My colleagues and I were happy therefore, when we chanced upon a woman hurrying to the village with a five liter can of water in each hand. We stopped her with the ‘I am sorry to disturb you, but my livelihood depends on it so please don’t hit me’ air common to field researchers world-wide.
She stopped good-naturedly enough though, and told us that she is too busy to stop and talk, but if we liked, we could follow her home. Can you imagine that? Inviting three bedraggled strangers into your home so that they can ask you intrusive questions?
We obeyed, picking up our pace to keep up with her. At one point I offered to help her with her cans, but she refused. We asked her then with our minds full of women’s drudgery statistics, if there was no source of water close by. “no, no” came the reply, “ there is piped water, but I needed to go to Harshil and thought why come back empty handed, so I brought water from the Ganga. ” Another thing I, lover of traveling light and shirker of chores, cannot comprehend.
We sat there in her lovely, glowing house on a rug she had woven herself with wool from her own sheep. We asked her questions about her observations about the local flora, and her animals. When talking of high-altitude herbs, she showed me some she used for cooking. It is called lado and has a pungent smell like asafoetida. Seeing the naked greed in my eyes, she immediately pressed a handful on each of us.

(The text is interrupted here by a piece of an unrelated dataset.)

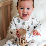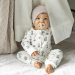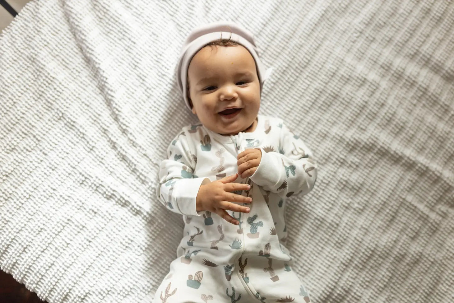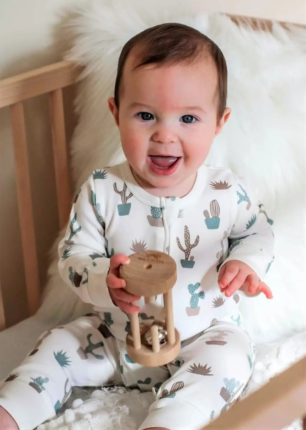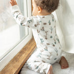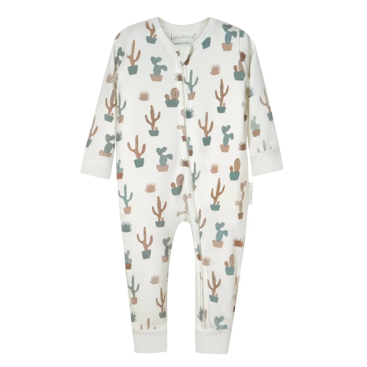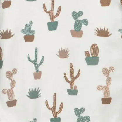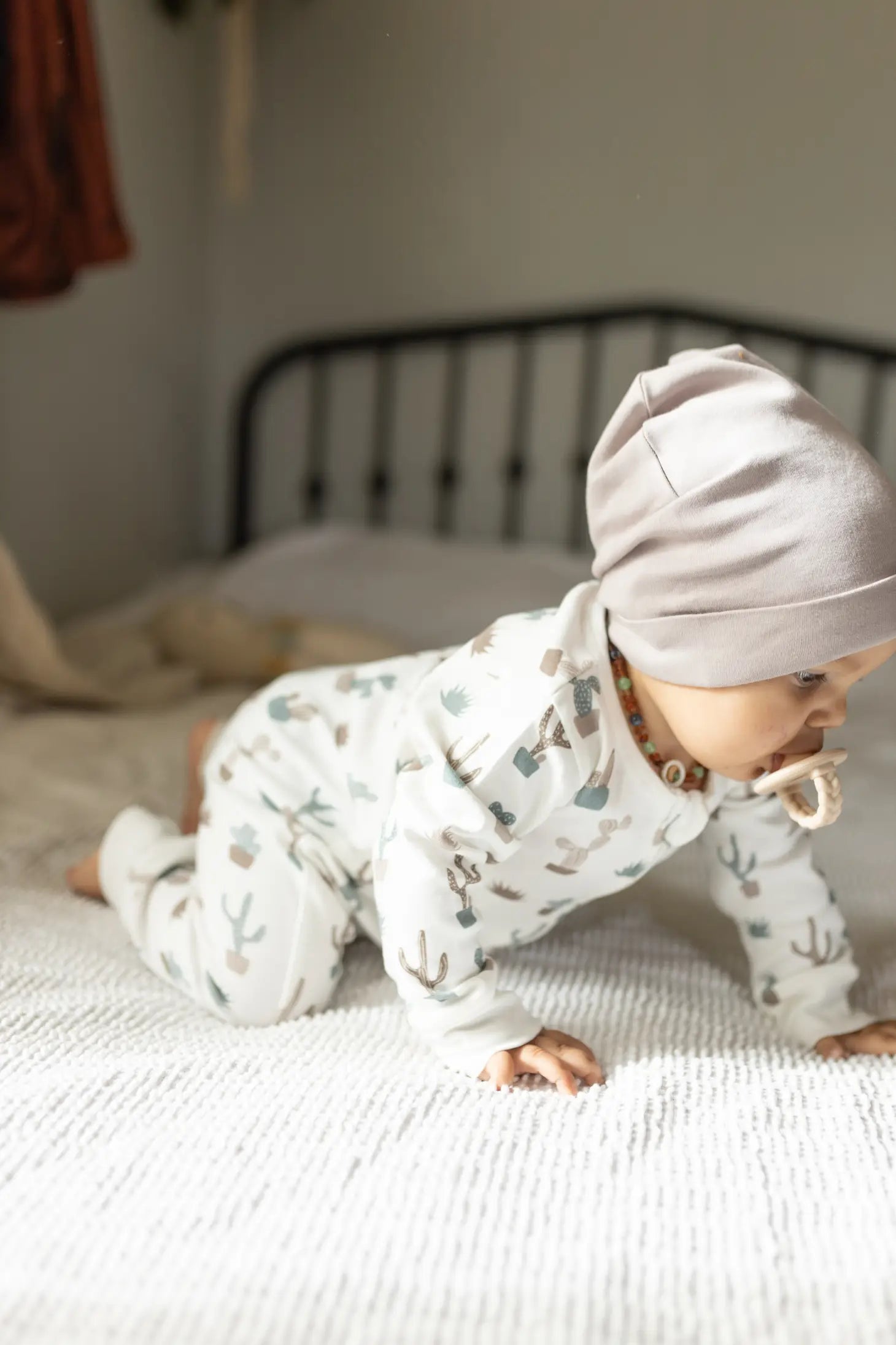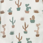 The cactus print baby jumpsuit/romper pajamas are made from the softest 100% organic cotton fabric with no harmful chemicals used in processing, dyeing, or printing stages. It has been certified by the most trusted standards for organic products – gots (global organic textile standards). the two-way zipper makes it very easy to change the garment. The dropped crotch and ease at the hips provide room for bulky diapers. For a baby shower gift set, this jumpsuit can be combined with our stone-colored beanie, cactus print bodysuit, and stone-colored pants as a bundle set. We proudly put the gots logo on our clothes as authentic organic and safe clothing for babies and safe products for the environment.

Later, I bought a couple of caps from her and waited as she finished the seams. While she was making those caps up, a colleague wandered off to crack a solitary walnut he had found on the road. She looked at the two of us sitting there walnut-less. Silently digging into her pockets she pulled out a couple and tossed us a walnut each.
Someday, if I am very wise and learn all that life teaches me, I hope to be as cheerful and warm and generous as her.